- [Problem to solve]
Images are not part of the copy; transcribe all the data exactly.

- [Raw data]
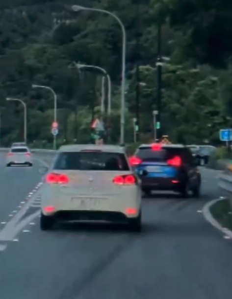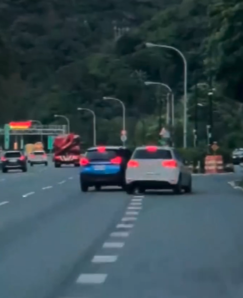 打 燈直接鬼切逼車,導致另輛白車急閃,最後被迫進入休息站,誇張一幕全被後方駕駛
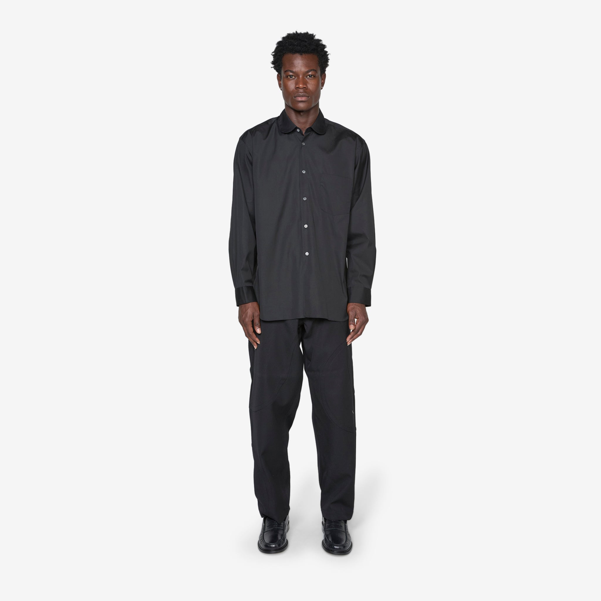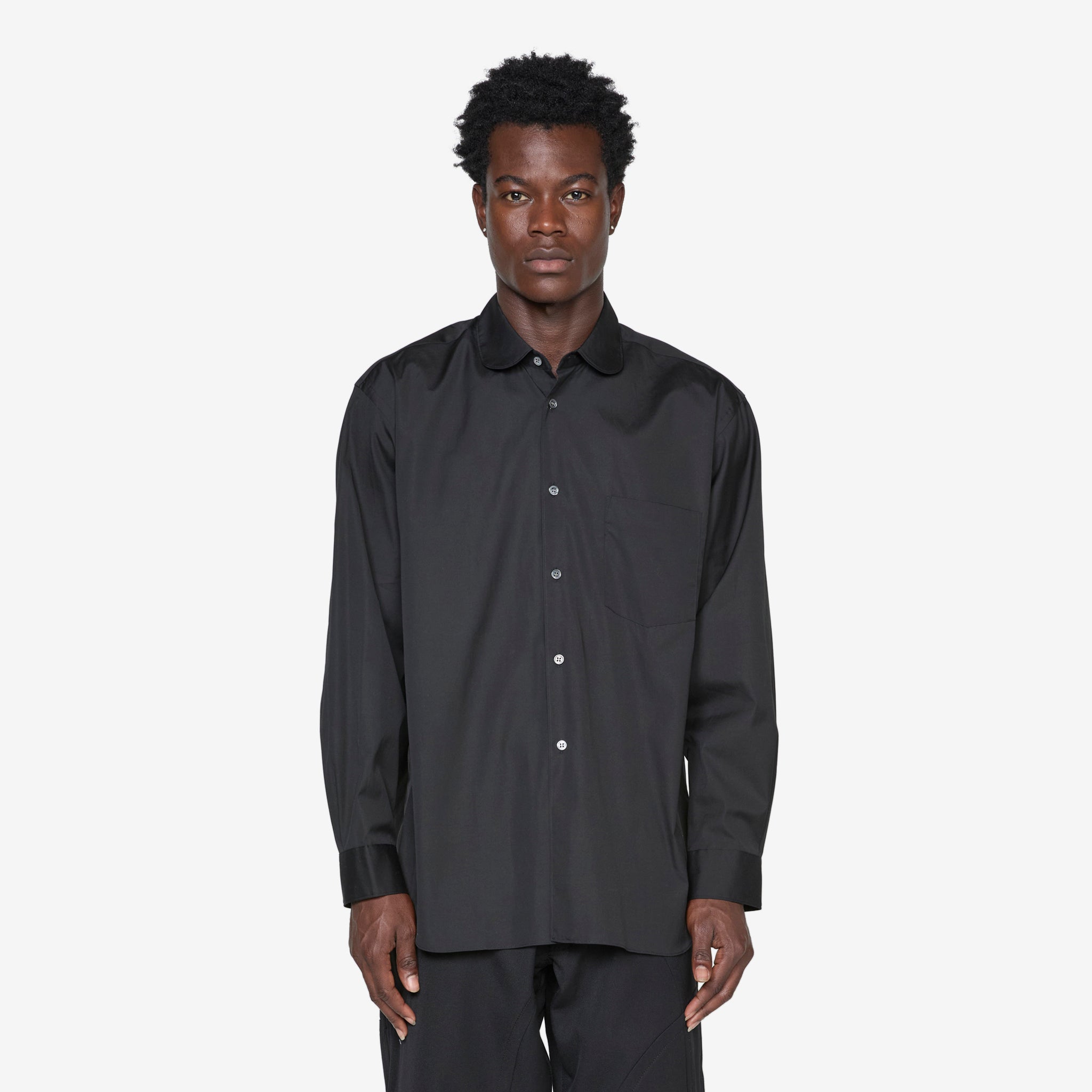 Forever Rounded Collar Shirt in Black from Comme des Garçons SHIRT. Relaxed fit longsleeve shirt with a rounded collar, full button closure and curved hem. Crafted from premium cotton and finished with a single patch pocket at the chest.
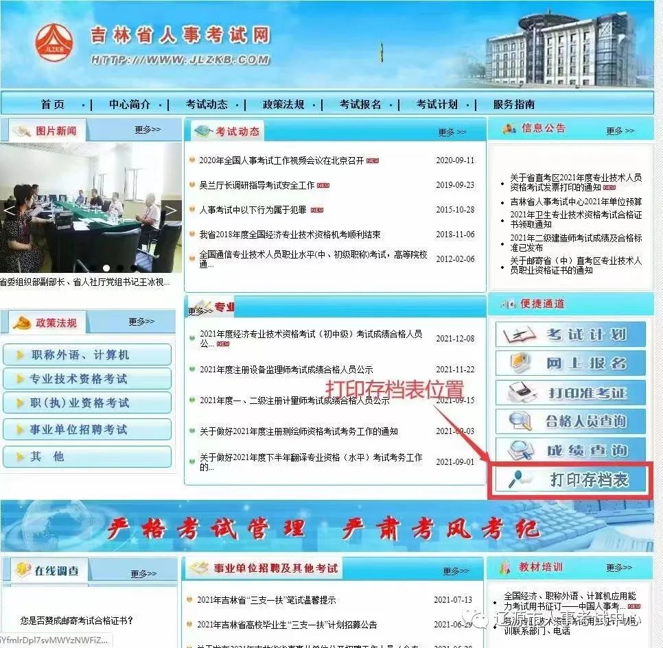 吉林省人事考試網(wǎng)“打印存檔表”位置
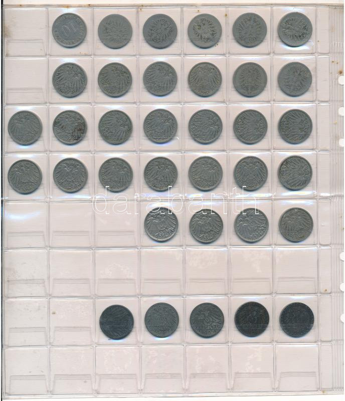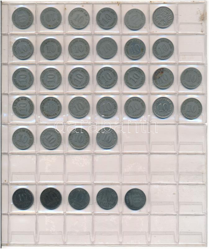 Német Birodalom 1873-1921. 10pf (35db, több klf évszám és/vagy verdejel) együtt, műanyag berakólapon T:XF-F

- [Response to this exercise]
 打 燈直接鬼切逼車,導致另輛白車急閃,最後被迫進入休息站,誇張一幕全被後方駕駛
 Forever Rounded Collar Shirt in Black from Comme des Garçons SHIRT. Relaxed fit longsleeve shirt with a rounded collar, full button closure and curved hem. Crafted from premium cotton and finished with a single patch pocket at the chest.
 吉林省人事考試網(wǎng)“打印存檔表”位置
 Német Birodalom 1873-1921. 10pf (35db, több klf évszám és/vagy verdejel) együtt, műanyag berakólapon T:XF-F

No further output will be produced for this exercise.